Benefits: unjust enrichment and recovery

Unjust enrichment

If an excess benefit has been paid to an income earner, the excess part of the payment must be corrected as an unjust enrichment by submitting a replacement report. The overpayment cannot be corrected by submitting a negative amount to the Incomes Register.

Unjust enrichment must be reported irrespective of whether the excess benefit is recovered or whether it is not recovered at all or only in part.

Unjust enrichment cannot be reported in connection with deductible items, such as withholding or distraint.

Report unjust enrichment as soon as the error is discovered

You should report unjust enrichment as soon as you have noticed the error but no later than 30 days of the erroneous decision.

There are two ways to report unjust enrichment. The reporting method depends on whether the payment has already been entered in the Incomes Register or whether you become aware of the overpayment before the information has been entered in the register.

How to report unjust enrichment

  • If you notice the overpayment before the information has been entered in the Incomes Register, you must report the excess amount by specifying the income type as ‘unjust enrichment’ (1270).
  • If you notice the overpayment after the income has been entered in the Incomes Register, you must correct the original report by submitting a replacement report and report the overpayment as unjust enrichment by specifying the income type as ‘Unjust enrichment’. In that case, you do not need to enter the income type separately as ‘Unjust enrichment’. 

Note that if a benefit unit has been entered for the income type, you must change the number of units to zero on the replacement report to the extent that you report the income as unjust enrichment.

Recovery of a payment

The payer must report the recovery of a payment if an erroneously paid amount is recovered from an income earner or it is offset from a benefit to be paid later.

The recovered amount is not corrected in the original benefits payment report; instead, it is reported using a new report regarding the payment date on which the income was recovered.

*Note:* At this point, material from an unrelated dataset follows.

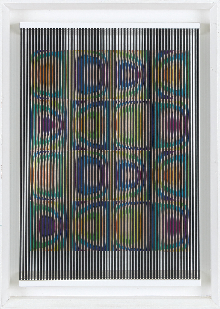 ALBERTO BIASI Padova 02/06/1937 Senza titolo, ottico dinamico, 1988 tecnica mista e pvc su tavola cm. 50x35 compresa la cornice, titolo, anno, firma e timbro del Gruppo N al retro, dichiarazione d'autenticità e archivio numero C.O. 156 dell'artista su foto, pubblicato sul catalogo Dep Art 2013 rilievi ottico dinamici, repertorio 159, pagina 134.
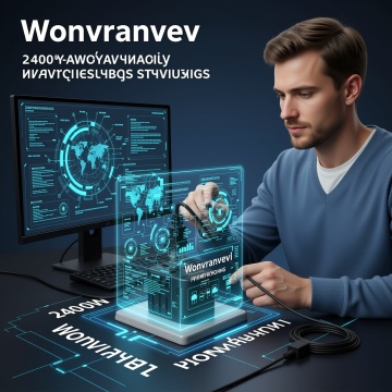赛博朋克风格的插头图标,插头造型设计为机械齿轮与电路板融合的未来科技形态,插头表面有霓虹蓝色和紫色的发光电路纹路,闪电符号变为带有故障艺术效果的动态光效,整体被一个由二进制代码流组成的圆形环绕,背景为深黑色带有网格纹理,图标边缘有轻微的辉光效果,呈现出高科技、未来感和能量感的视觉氛围。

Recovery also includes cases where funds are returned to the benefit payer, for example, if the employer or another party repays the benefit on the income earner’s behalf.

Recovery data must be reported no later than on the fifth day after information about the repayment of an overpayment was obtained and recovery was allocated to the correct benefit in the benefit payer’s system.

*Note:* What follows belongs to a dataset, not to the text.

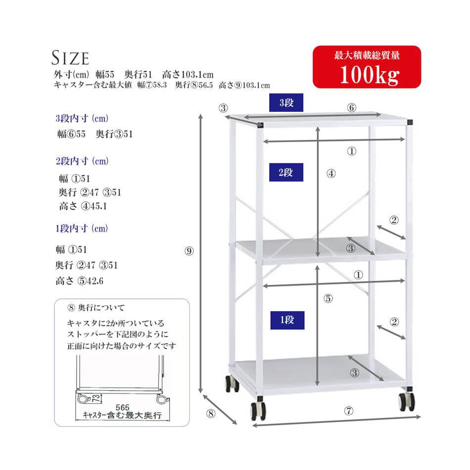 耐荷重は総重量で100kgまでOK!レーザープリンターや予備の用紙を置くことができます。キャスター付(2か所ストッパー付き)で移動もらくらく。シンプルなので、本やファイルを置く普通のラックとしても活用できます。

Reporting an unjust enrichment precedes reporting a recovery

Reporting recovery data requires that an overpayment has been corrected as an unjust enrichment on the report of the original payment date of the income. Income cannot be reported as recovered, unless it has first been reported as an unjust enrichment.

Note that in certain situations, an income earner may repay a benefit unprompted even if the benefit had not been paid on an unjust basis. Thus, an unprompted repayment is not a repayment of unjust enrichment. However, you must report the repaid amount under ‘Additional repayment details’ in the same manner as recovery. Read more about unprompted repayment in Section 6.5 of the instructions Benefits: Reporting data to the Incomes Register.

How to report a recovery

The recovered amount is reported using a new report, allocated to the repayment date. The recovered income must be reported using the same income type used to report the income as an unjust enrichment.

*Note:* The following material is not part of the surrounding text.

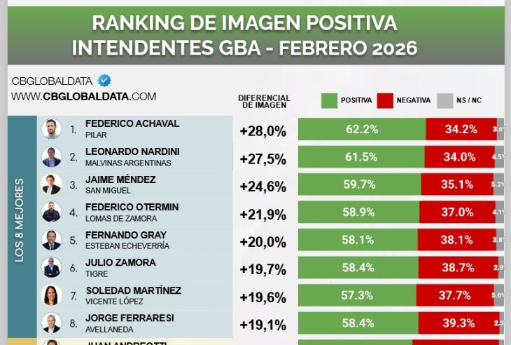 La consultora CB Global Data difundió su ranking de intendentes del Conurbano bonaerense correspondiente a febrero de 2026 y dejó un mapa con contrastes marcados entre los jefes comunales mejor posicionados y aquellos que atraviesan un escenario adverso. El estudio, realizado entre el 4 y el 8 de febrero sobre 18.804 casos en los 24 principales municipios del GBA, ordenó a los alcaldes según su diferencial de imagen (positiva menos negativa).

Report the following information on the recovery:

  • Income type
  • 'Recovery – Yes' data
  • Recovered amount
  • Repayment date
  • Start date and end date of the original earnings period.

Recovered income cannot be reported to the Incomes Register as a negative amount.

There are three ways to recover an overpayment

An overpayment can be recovered in three different ways:

Gross recovery means that the payer recovers the amount paid to the income earner, plus the original withholding carried out from the income.

In gross recovery, the payer can, for example, send an invoice to the income earner, or recover the overpayment from a benefit paid later to the income earner. Payers can also use gross recovery if net recovery was also possible.

In gross recovery, the withholding from the recovered amount is not reported.

Net recovery means that the payer recovers the overpayment, from which they have first deducted the proportion of withholding carried out on the original payment date, from the income earner. The payer deducts the withholding in question from other taxes paid to the Finnish Tax Administration.

The income can be recovered from the income earner as a net amount if the income is repaid during the same year or at the beginning of the following year by the date defined in the Finnish Tax Administration’s decision (30 April). As a result, the Finnish Tax Administration can access the data before the person’s tax period ends, and the withholding will not be accredited to the income earner in taxation.

The Finnish Tax Administration will allocate the withholding correction to the payer’s withholding obligations for the original payment month.

Offsetting refers to a situation where a single benefit payer recovers a benefit that they previously paid groundlessly from a benefit they have paid later.

Read more about offsetting in Section 3 of Benefits: recovery and recourse.

Data users need data about unjust enrichment and recovery for their decision-making processes

Each data user in the Incomes Register has defined how they use the data disclosed to them in their decision-making processes. Some data users only need data about unjust enrichment, while others only need data about recovery and some need both.

It is important that data about unjust enrichment and recovery is reported so that decisions made by data users are based on correct income amounts.